● **ABOUT THIS EXERCISE**
Copy exactly the lines of the material below that fall between the line with "Помните, что передача" and the line with "Полуторогодовалая. Невероятно пушистая, с", both of those lines included; pictures stay out.

** DATA TO EXAMINE follows **

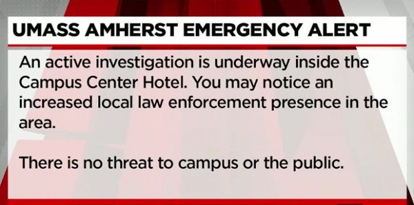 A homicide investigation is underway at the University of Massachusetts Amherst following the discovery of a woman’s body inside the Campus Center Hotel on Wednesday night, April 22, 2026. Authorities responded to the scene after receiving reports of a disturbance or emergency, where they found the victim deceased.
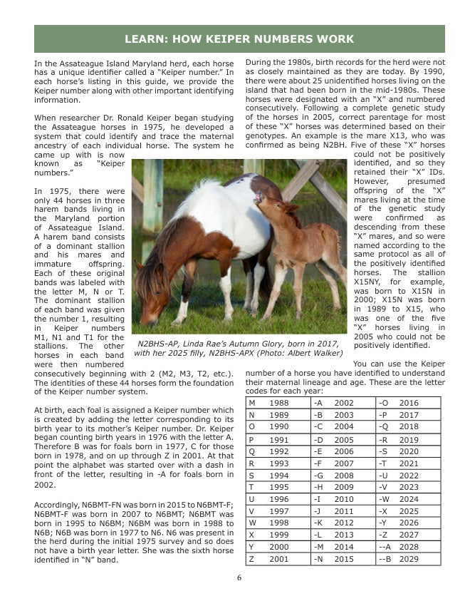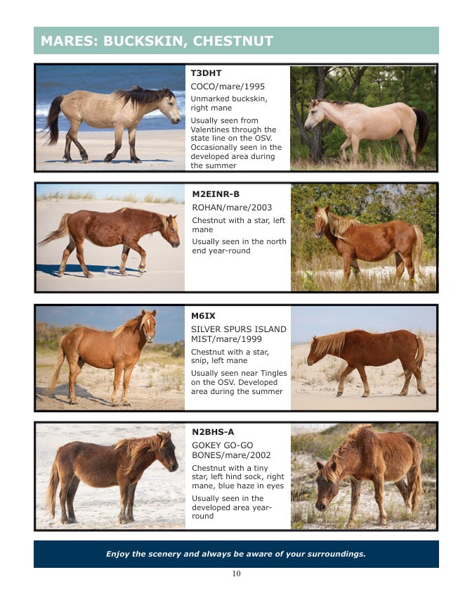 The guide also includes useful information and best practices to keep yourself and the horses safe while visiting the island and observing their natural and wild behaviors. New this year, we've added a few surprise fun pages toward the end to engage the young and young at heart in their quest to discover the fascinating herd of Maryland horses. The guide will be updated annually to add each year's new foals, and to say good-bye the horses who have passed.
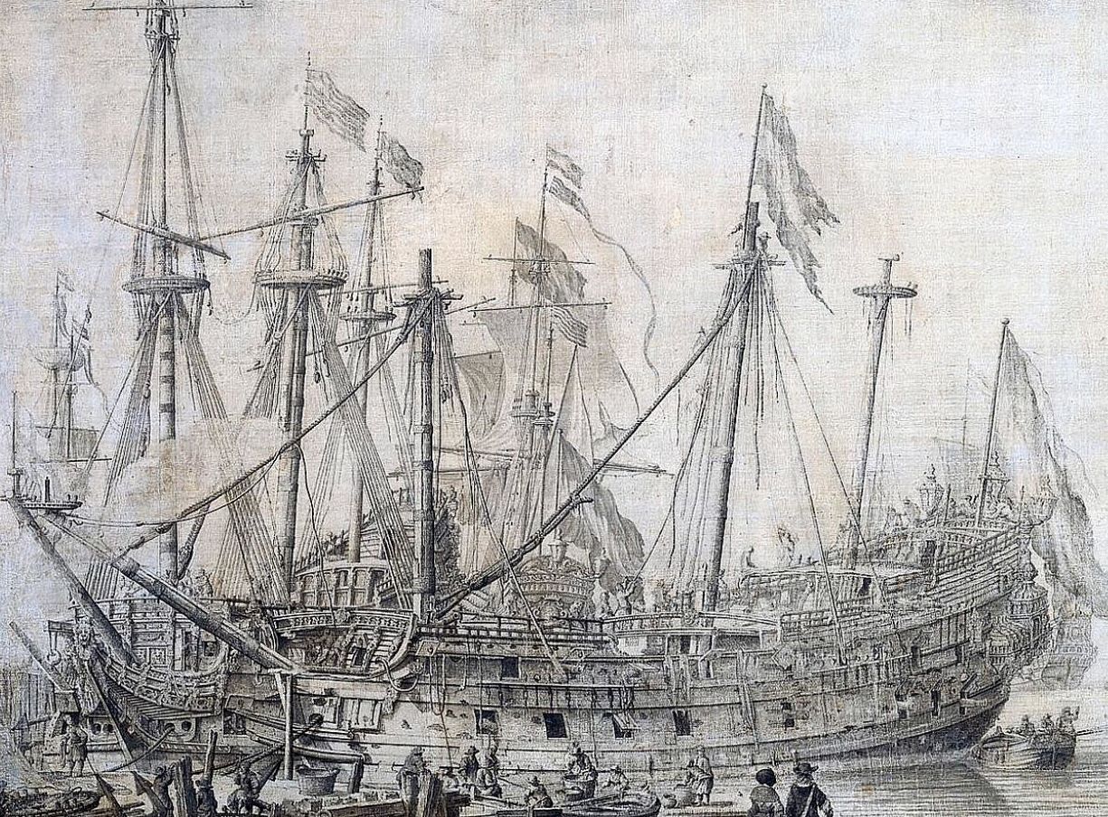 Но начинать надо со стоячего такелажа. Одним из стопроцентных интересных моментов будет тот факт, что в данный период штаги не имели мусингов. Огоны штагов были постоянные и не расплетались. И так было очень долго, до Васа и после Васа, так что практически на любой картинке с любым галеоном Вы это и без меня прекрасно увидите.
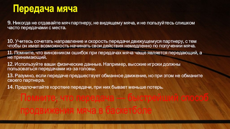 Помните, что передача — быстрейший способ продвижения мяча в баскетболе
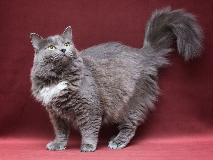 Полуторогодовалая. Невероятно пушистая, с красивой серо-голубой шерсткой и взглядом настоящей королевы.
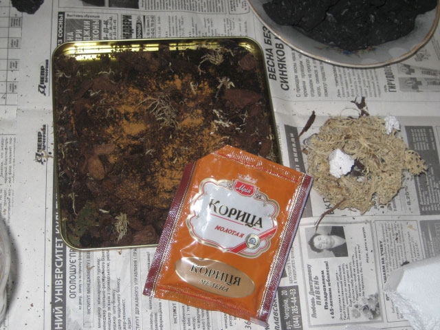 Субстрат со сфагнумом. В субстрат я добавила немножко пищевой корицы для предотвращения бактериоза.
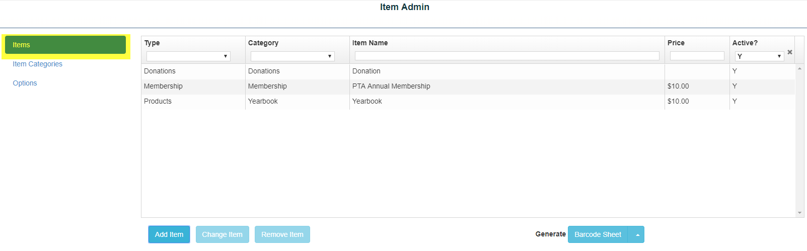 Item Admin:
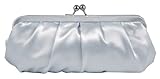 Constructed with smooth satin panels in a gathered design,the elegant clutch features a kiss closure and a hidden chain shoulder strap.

** End of DATA TO EXAMINE **

● **RESPONSE BOX**
 Помните, что передача — быстрейший способ продвижения мяча в баскетболе
 Полуторогодовалая. Невероятно пушистая, с красивой серо-голубой шерсткой и взглядом настоящей королевы.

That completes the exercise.